In each of these instances, civility, as a speech code, is positioned in opposition to free speech. This articulation of civility then suggests another axis to the conversation of free speech, noting that indeed in the West, articulations of free speech don’t exist in vacuum. Instead, decisions are consistently made by appealing to other sets of standards and values, and using these bases to justify speech that violates the dominant codes of conversation. The outcomes of these decisions on realms of speech thus deviate significantly from the avowed rhetorical position of commitment to free speech deployed in the propaganda campaign carried out by the West.

These incidences point to the hypocrisy in Western discourses of freedom of speech. That there is not such a monolithic idea of free speech, that freedom of speech is almost always situated in relationship to broader aspects of context are ideas that need nuanced consideration, especially as our circles of conversation become increasing global in scope. These critical and nuanced considerations are particularly salient within the broader context of the strategic uses of the language of freedom to carry out neo-colonial invasions on the global stage.

Free speech as an ideal therefore is almost always balanced with other ideals in a given society. As an ideal, the concept of free speech can certainly offer valuable guidelines for policies and for conversations on policies. Notions of free speech, I hope, can also address ideas of transparency, access to information, and the freedom to pursue information particularly in instances where such information is shrouded under opaque policies.

Conversations on free speech, in other words, are much needed in the world today.

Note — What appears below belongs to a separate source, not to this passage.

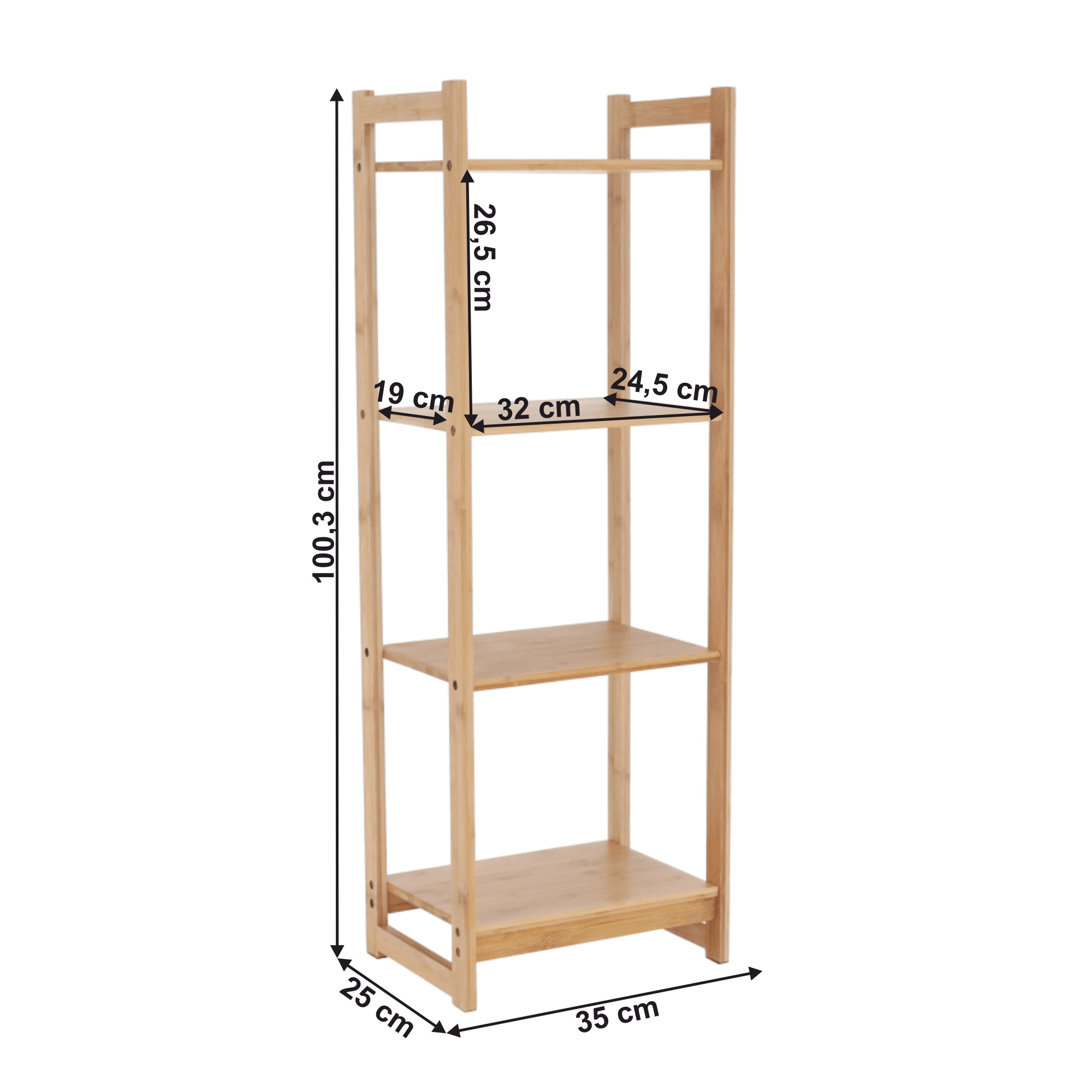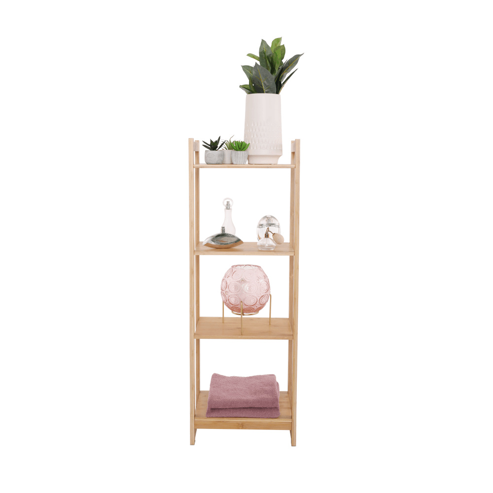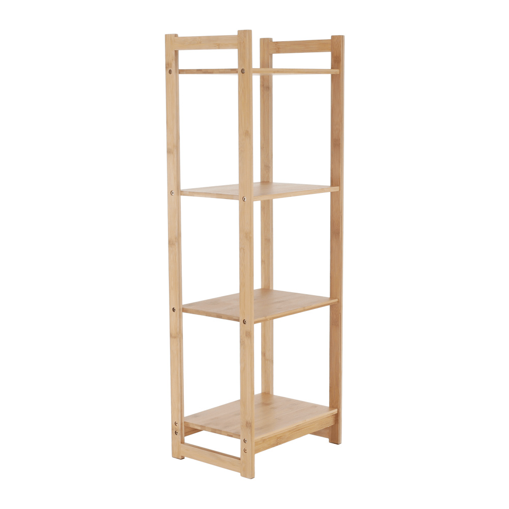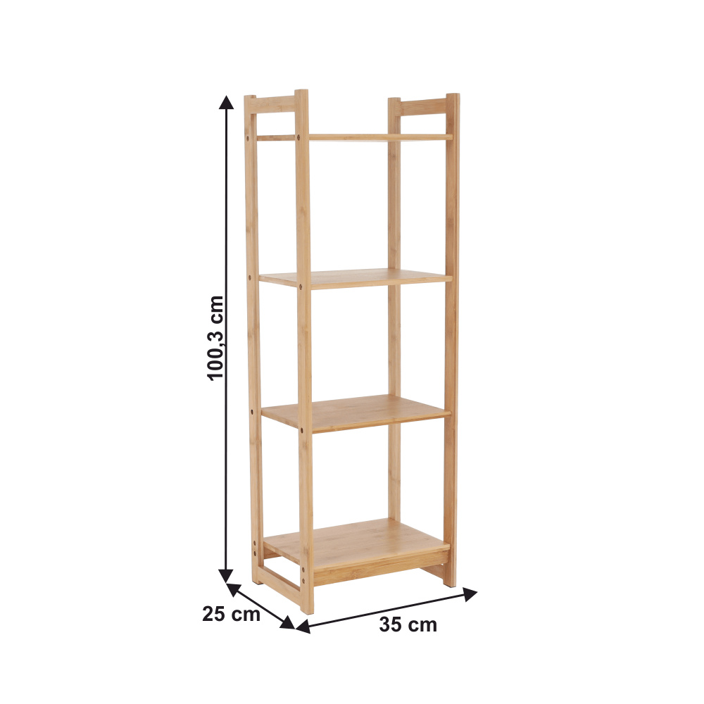 Materiál: lakovaný bambus Barva: přírodní Rozměr (ŠxHxV): 35x25x100,3 cm Vnitřní rozměry poličky (ŠXHxV): 32x19x26,5 cm 4-policový čtyři poličky Víceúčelový Dodávané v demontu

Moreover, these conversations on free speech also need to be situated in relationship to the questions of the quality of speech. The question about the freedom of Charlie Hebdo to publish its Islamophobic cartoons needs to be complemented by conversations on the quality of the cartoons published by Charlie Hebdo, the racist undertones of the images, and the feelings of disenfranchisement that might be produced by images that attack the worldviews of a minority community. Especially worth considering in the debates on free speech are the effects of speech, especially within the context of the differential powers of different communities and the effects of particular forms of speech in certain communities. Worth considering for instance is the right to communicative dignity of communities that are disenfranchised or are at the margins. Speech that contributes to the disenfranchisement of marginalized and/or minority communities need to be considered in relationship to the potential effects of such forms of marginalization.

Depictions and negotiations of freedom of speech thus are shaped by the broader political, economic, social, and cultural environment, and the various commitments of any given society. As dominant power structures deploy communication to serve their agendas of consolidating power, free speech serves as a key tool for rendering visible the strategies of power consolidation. As a tool thus, free speech can provide important avenues for questioning the policies that are made within particular structures and the effects, benefits, and costs of such policies.

Free speech in a nutshell is an important value. As a guiding principle, it can offer valuable insights for how we come to understand the relationship among communication, culture, and society when it takes into account complexities, nuances, cultural values, and structural formations.

In a social media environment where the varieties of discourses about religion are grounded in diverse value systems, it is vital to engage dialogically with these differences and at the same time foster collaborative spaces for encouraging conversations on commonalities. Points of criticism and thoughtful debate might indeed offer bridges for exploring opportunities for dialogue amid difference, thus working through articulations of free speech not as a way to denigrate a culture or circulate chauvinistic ideas of two cultures, but to promote spaces for conversation through difference.

The concept of dialogic quality thus adds a much-needed layer of complexity and nuance to the current conversations on freedom of speech. The attacks on Charlie Hebdo offer an opportunity for these critical conversations.